■ Instructions to follow:
With the pictures left out, write out exactly the lines of the listing below that run from the line with "Dolce & Gabbana" through the line with "2003年12月19日,欧盟".

■ Source data:
[Start of section]
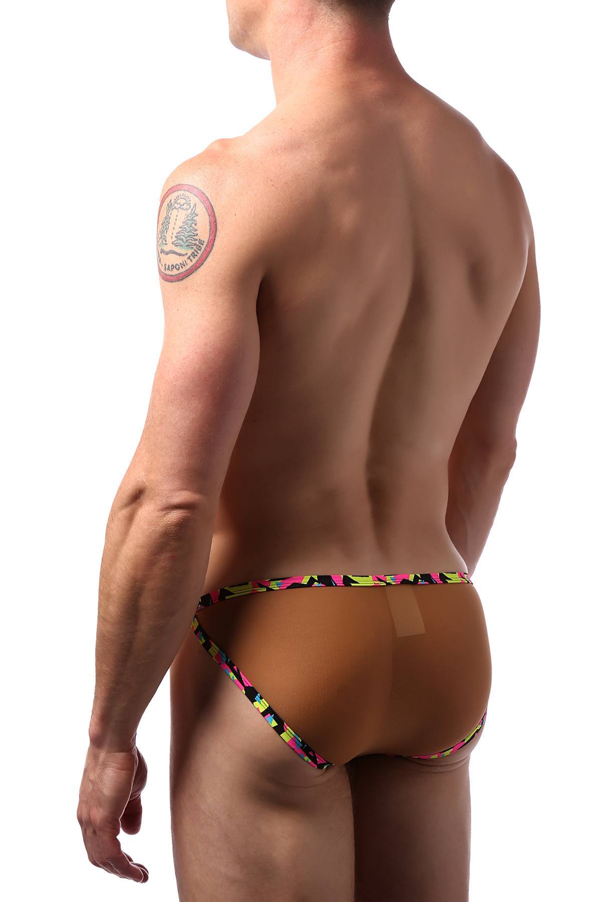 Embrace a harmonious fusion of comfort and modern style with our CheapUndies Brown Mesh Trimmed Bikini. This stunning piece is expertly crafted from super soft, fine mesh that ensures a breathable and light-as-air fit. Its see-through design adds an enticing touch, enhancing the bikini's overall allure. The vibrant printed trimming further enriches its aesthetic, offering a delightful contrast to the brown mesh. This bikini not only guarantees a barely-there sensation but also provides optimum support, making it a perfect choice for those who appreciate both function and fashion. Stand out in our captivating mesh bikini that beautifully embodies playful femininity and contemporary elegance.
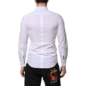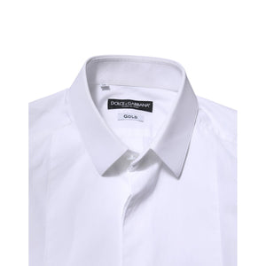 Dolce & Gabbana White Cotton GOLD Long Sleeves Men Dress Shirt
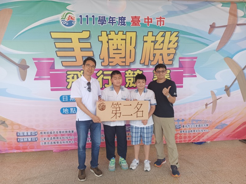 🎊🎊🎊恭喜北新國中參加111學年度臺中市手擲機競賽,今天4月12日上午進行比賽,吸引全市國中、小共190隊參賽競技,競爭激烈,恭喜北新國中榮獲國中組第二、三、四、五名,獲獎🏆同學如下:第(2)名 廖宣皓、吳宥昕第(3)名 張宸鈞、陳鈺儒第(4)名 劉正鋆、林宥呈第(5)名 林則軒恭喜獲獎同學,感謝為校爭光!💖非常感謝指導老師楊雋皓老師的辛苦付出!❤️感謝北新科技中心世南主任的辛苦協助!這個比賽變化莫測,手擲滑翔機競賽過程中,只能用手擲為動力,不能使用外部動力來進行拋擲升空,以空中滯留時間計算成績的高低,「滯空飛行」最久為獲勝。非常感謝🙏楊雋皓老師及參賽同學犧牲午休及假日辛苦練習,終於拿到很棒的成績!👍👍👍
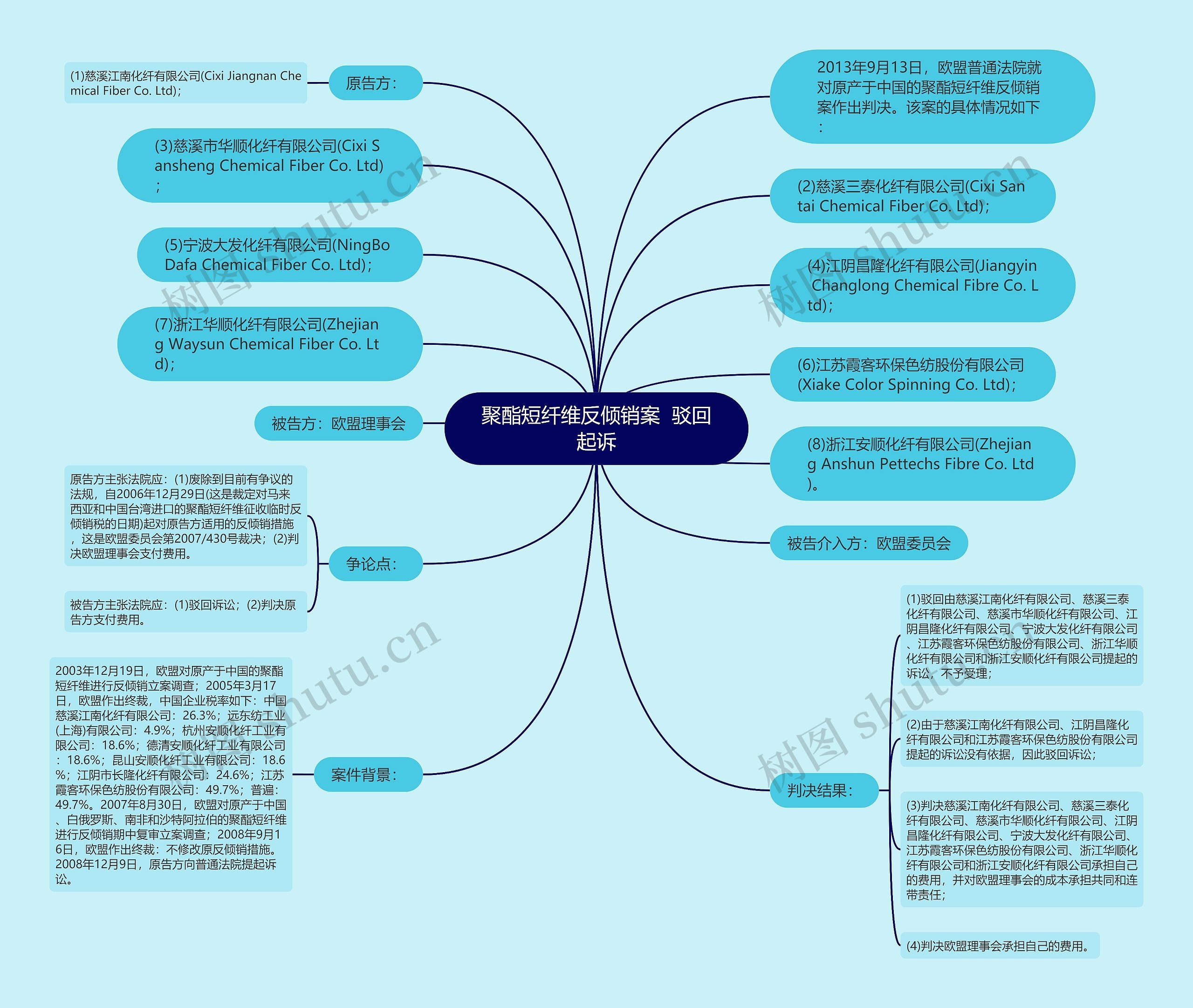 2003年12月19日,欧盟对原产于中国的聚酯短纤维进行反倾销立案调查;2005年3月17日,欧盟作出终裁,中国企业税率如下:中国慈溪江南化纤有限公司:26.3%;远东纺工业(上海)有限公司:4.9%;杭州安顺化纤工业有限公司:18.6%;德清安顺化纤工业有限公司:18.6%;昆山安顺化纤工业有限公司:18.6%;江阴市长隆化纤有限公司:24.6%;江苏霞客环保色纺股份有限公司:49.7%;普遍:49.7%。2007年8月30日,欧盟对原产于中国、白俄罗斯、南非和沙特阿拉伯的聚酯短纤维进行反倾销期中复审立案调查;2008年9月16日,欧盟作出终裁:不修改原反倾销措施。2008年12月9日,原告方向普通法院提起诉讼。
[End of section]
[Start of section]
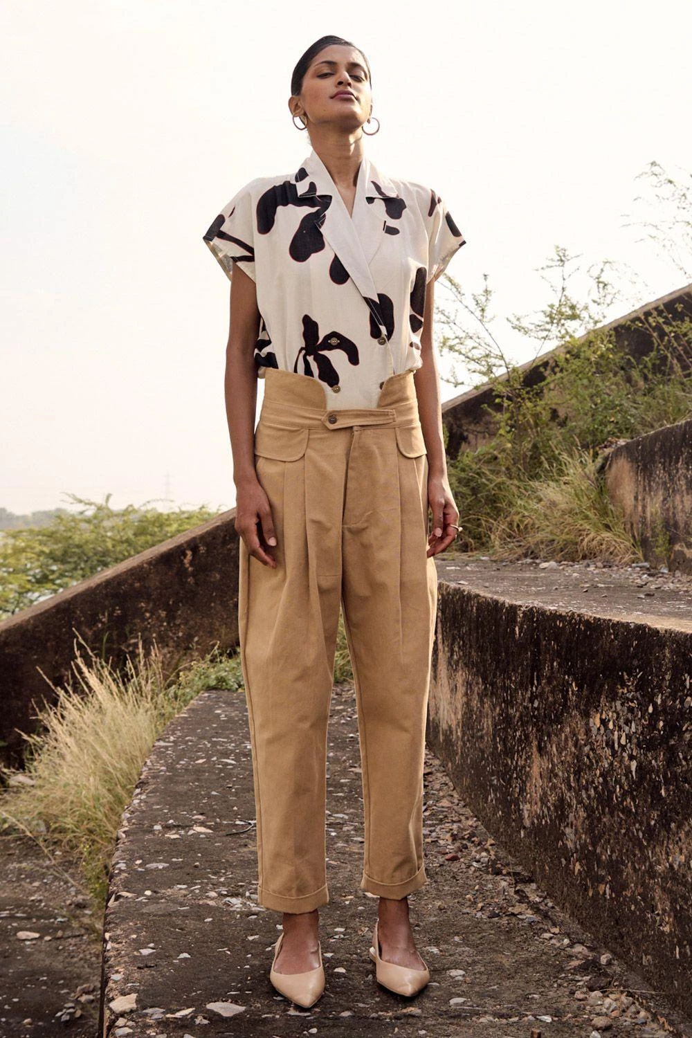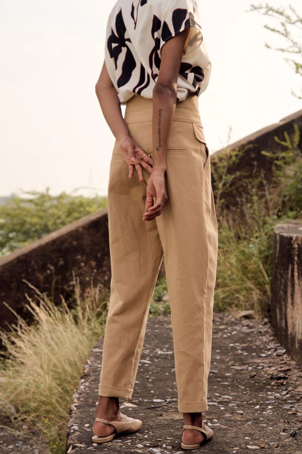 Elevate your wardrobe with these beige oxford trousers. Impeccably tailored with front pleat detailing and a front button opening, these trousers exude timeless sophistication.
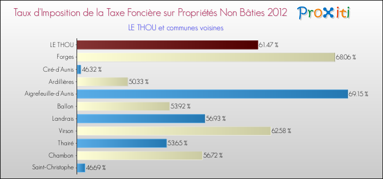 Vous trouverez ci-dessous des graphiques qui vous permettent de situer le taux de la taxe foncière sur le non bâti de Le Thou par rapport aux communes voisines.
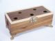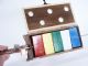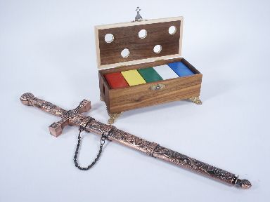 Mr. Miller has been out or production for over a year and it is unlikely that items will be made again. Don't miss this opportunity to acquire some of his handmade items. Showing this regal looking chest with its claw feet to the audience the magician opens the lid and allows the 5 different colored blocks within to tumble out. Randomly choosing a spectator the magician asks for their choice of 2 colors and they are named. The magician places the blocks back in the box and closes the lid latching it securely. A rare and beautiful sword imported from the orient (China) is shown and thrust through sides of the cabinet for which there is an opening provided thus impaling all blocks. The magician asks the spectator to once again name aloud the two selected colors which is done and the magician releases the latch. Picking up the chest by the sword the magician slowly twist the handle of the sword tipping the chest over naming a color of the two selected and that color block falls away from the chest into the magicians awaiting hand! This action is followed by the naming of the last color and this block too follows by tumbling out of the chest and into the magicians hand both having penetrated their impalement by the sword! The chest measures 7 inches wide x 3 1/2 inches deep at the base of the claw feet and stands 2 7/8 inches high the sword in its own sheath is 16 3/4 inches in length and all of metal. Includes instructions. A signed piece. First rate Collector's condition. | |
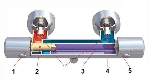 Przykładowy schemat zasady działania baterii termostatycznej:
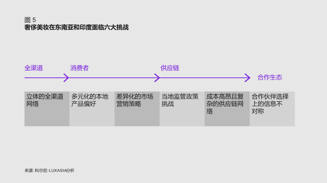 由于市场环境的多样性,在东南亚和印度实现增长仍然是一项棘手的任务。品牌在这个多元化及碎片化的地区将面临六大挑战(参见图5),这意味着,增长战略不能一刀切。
[End of section]
■ Output of the task:
 Dolce & Gabbana White Cotton GOLD Long Sleeves Men Dress Shirt
 🎊🎊🎊恭喜北新國中參加111學年度臺中市手擲機競賽,今天4月12日上午進行比賽,吸引全市國中、小共190隊參賽競技,競爭激烈,恭喜北新國中榮獲國中組第二、三、四、五名,獲獎🏆同學如下:第(2)名 廖宣皓、吳宥昕第(3)名 張宸鈞、陳鈺儒第(4)名 劉正鋆、林宥呈第(5)名 林則軒恭喜獲獎同學,感謝為校爭光!💖非常感謝指導老師楊雋皓老師的辛苦付出!❤️感謝北新科技中心世南主任的辛苦協助!這個比賽變化莫測,手擲滑翔機競賽過程中,只能用手擲為動力,不能使用外部動力來進行拋擲升空,以空中滯留時間計算成績的高低,「滯空飛行」最久為獲勝。非常感謝🙏楊雋皓老師及參賽同學犧牲午休及假日辛苦練習,終於拿到很棒的成績!👍👍👍
 2003年12月19日,欧盟对原产于中国的聚酯短纤维进行反倾销立案调查;2005年3月17日,欧盟作出终裁,中国企业税率如下:中国慈溪江南化纤有限公司:26.3%;远东纺工业(上海)有限公司:4.9%;杭州安顺化纤工业有限公司:18.6%;德清安顺化纤工业有限公司:18.6%;昆山安顺化纤工业有限公司:18.6%;江阴市长隆化纤有限公司:24.6%;江苏霞客环保色纺股份有限公司:49.7%;普遍:49.7%。2007年8月30日,欧盟对原产于中国、白俄罗斯、南非和沙特阿拉伯的聚酯短纤维进行反倾销期中复审立案调查;2008年9月16日,欧盟作出终裁:不修改原反倾销措施。2008年12月9日,原告方向普通法院提起诉讼。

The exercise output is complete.